AUT WOMEN am 12. Platz
Bei den Frauen sicherte sich Irland den EM-Titel, vor der Schweiz und Russland. Head Coach Christine Stelzhammer ist mit der Platzierung nicht ganz zufrieden: „Wir haben uns mehr erwartet, hätten das Spiel um den 9. oder 11. Platz gewinnen können. Wir haben in einigen Spielen sehr gut mithalten können, hatten eine sehr starke Defense, konnten aber daraus dann nicht die wichtigen Punkte machen. Uns fehlt noch die Entwicklung der jüngeren und nicht so erfahrenen Spielerinnen, damit wir im Spiel breiter aufgestellt sind und variabler spielen können. Es ist uns im Laufe der Woche zwar gut gelungen, das besser aufzuteilen, aber daran müssen wir noch arbeiten.

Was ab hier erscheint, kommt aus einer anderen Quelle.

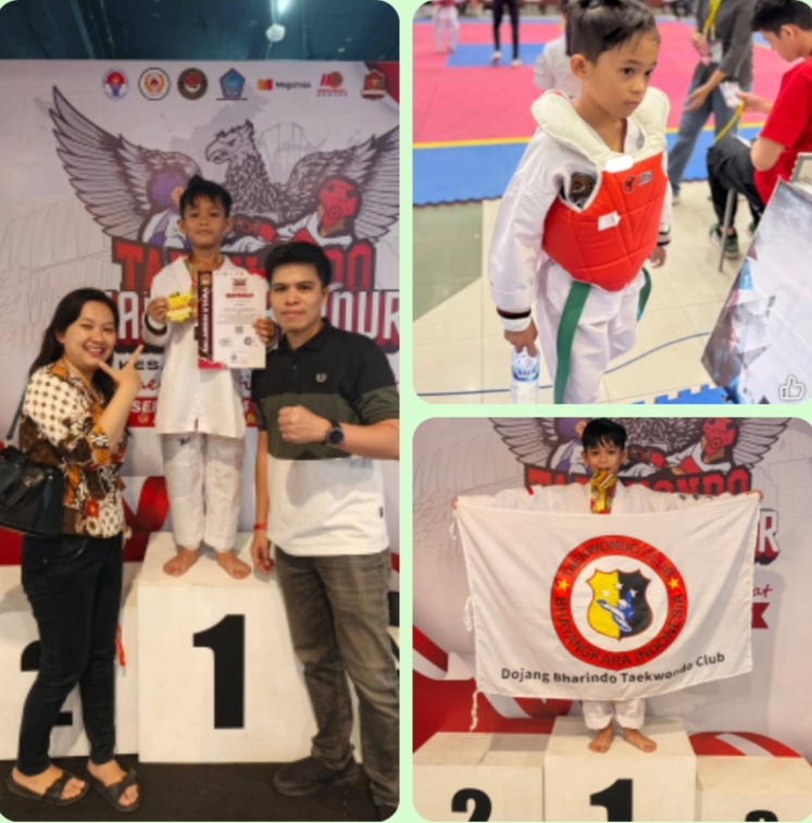 Renzo William Mentang yang masih duduk di bangku kelas 4a SD Khatolik 03 Frater DonBosco, menunjukkan bakat dan kemampuan yang luar biasa dalam cabang olahraga beladiri asal Korea ini. Dengan semangat juang tinggi, ia berhasil mengalahkan lawan-lawannya dan membawa pulang medali emas untuk sekolah dan Dojang Bharindo Tc.

Allgemein war festzustellen, dass die zunehmende Professionalisierung bei dieser EM bemerkbar war. Die Anzahl der Teams war zwar rückläufig, aber der Fitnesslevel und das Niveau waren sehr hoch.“

2. Platz in der Spirit-Wertung
Überaus erfreulich ist der 2. Platz von AUT WOMEN in der Spirit-Wertung dieser EM. „Das sagt viel darüber aus, wie präsent und klar wir in den Spielen sind. Über diesen zweiten Platz hinter Schweden freuen wir uns sehr“, so Christine Stelzhammer abschließend.